Dass man dazu ganz sicher nicht die Privatinformationen von Millionen Nutzern veröffentlichen muss sollte klar sein. Trotzdem hält Blizzard scheinbar weiterhin am eingeschlagenen Kurs fest obwohl es bereits ein erstes “Opfer” gibt: Blizzards Community-Manager “Bashiok”. Der wollte das System nämlich verteidigen und postete seinen Realnamen im Forum. Damit, dass nur Minuten später quasi sein gesamter Lebenslauf, seine Telefonnummer, Adresse, sein Alter und seine Vorlieben publik gemacht würden hat er wohl nicht gerechnet. Später wurden auch noch der Name seiner Frau, die Mitbewohner in seinem Haus sowie die Schule seiner Kinder aufgedeckt. “Dank” Google Streetview gelang es auch, Bilder seines Hauses im Netz zu verbreiten. Dass diese Gefahr besteht hätte ihm wohl jeder netzaffine Nutzer im Voraus sagen können.

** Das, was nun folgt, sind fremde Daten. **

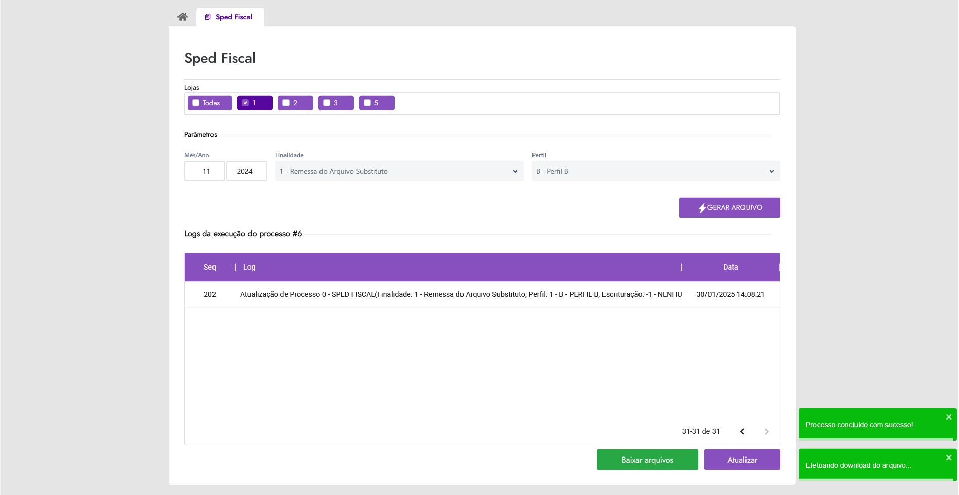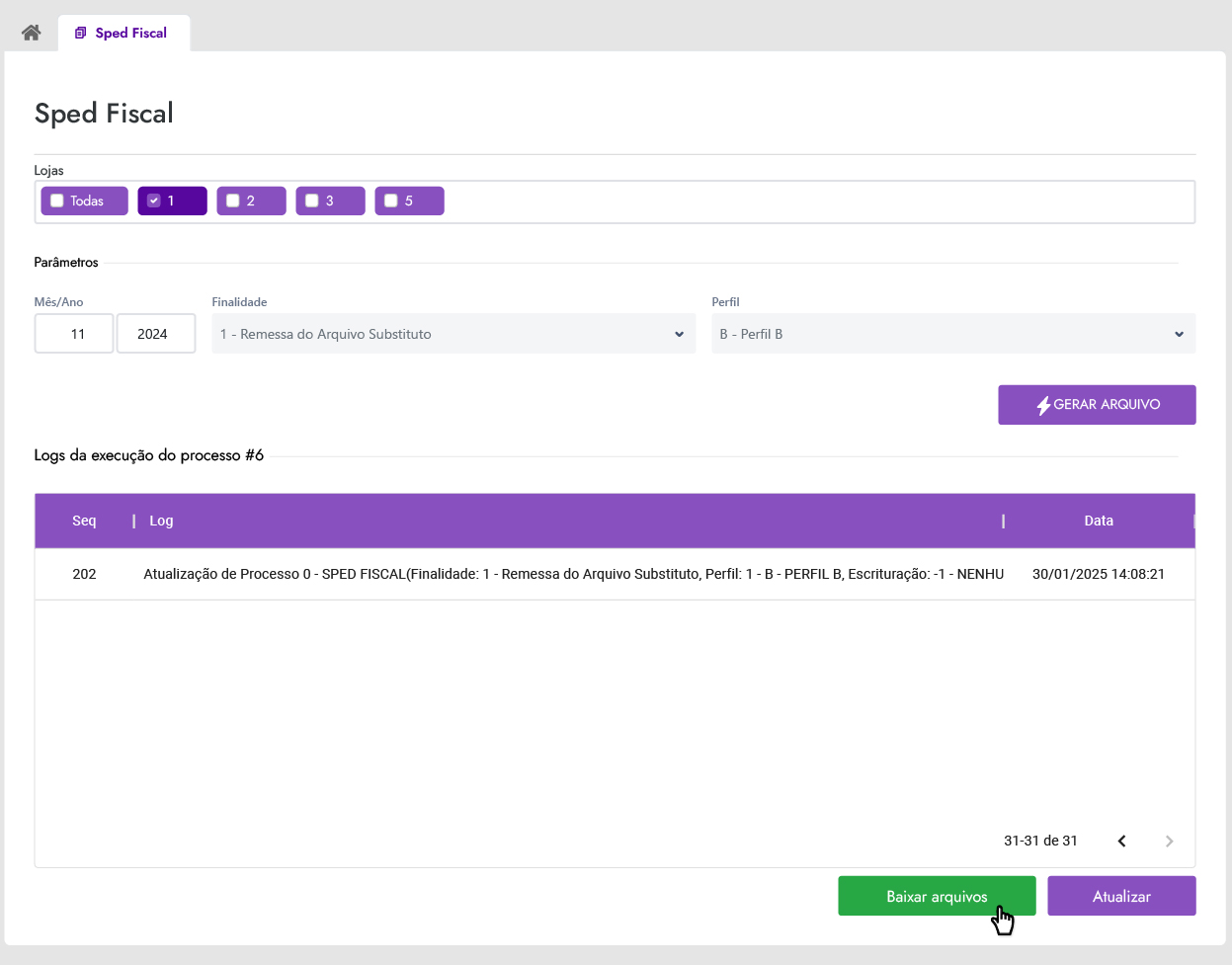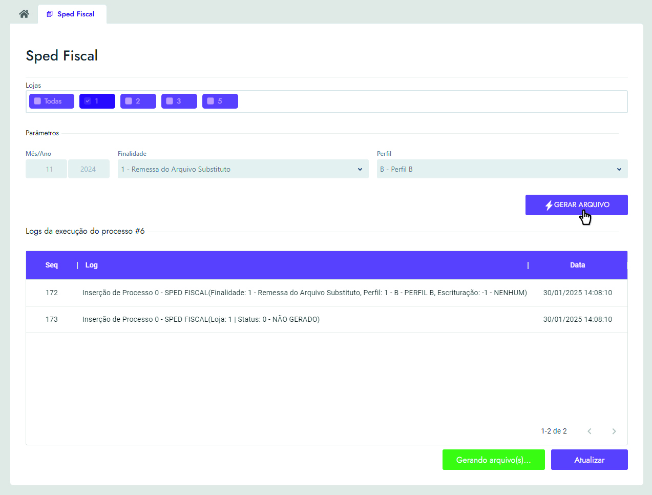 Importante: O sistema atualiza os logs automaticamente a cada 5 segundos. Caso prefira, clique no botão Atualizar para exibir os logs manualmente.
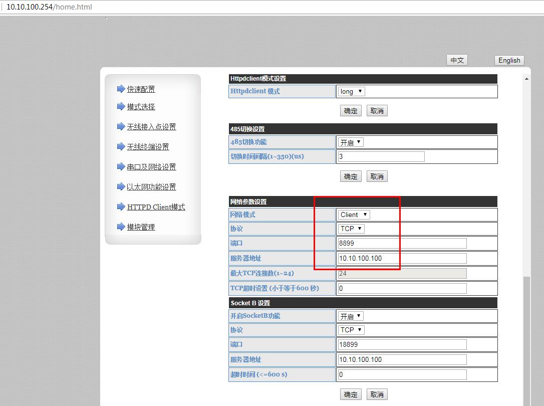DR404在网页上,串口及网络设置,设置网络模式TCP client,服务器IP填电脑IP10.10.100.100,端口填8899。保存参数,重启DR404
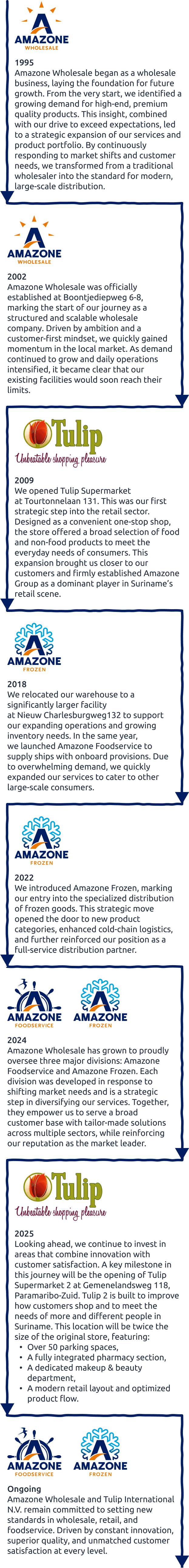 To become the top leader in Suriname's wholesale and retail industry. We aim to establish ourselves as the go-to organization for quality products, customer satisfaction and industry innovation. As we continue to grow, we aim to set new standards of excellence in our service, ensuring that our customers consistently enjoy the highest level of experience and value.

Inzwischen hat Micah Whipple, so Bashioks bürgerlicher Name, eine neue Telefonnummer; sein Facebook-Profil und seinen Twitter-Account sind gelöscht. Trotz der dramatischen Folgen für ihren Mitarbeiter wird sich Blizzard – wie üblich in wirklich wichtigen Fragen – höchst wahrscheinlich über die Community hinwegsetzen und das “Feature” einführen.
Update
Entgegen vorheriger Vermutungen hat Blizzard nun doch auf die umfangreichen Proteste reagiert und die Nutzung der RealID optional gemacht. In den Foren kann man nun wieder mit Battle.net-Namen + Character-ID schreiben. Obwohl das “Feature” nun optional ist will Blizzard dessen Nutzung weiterhin aktiv fördern.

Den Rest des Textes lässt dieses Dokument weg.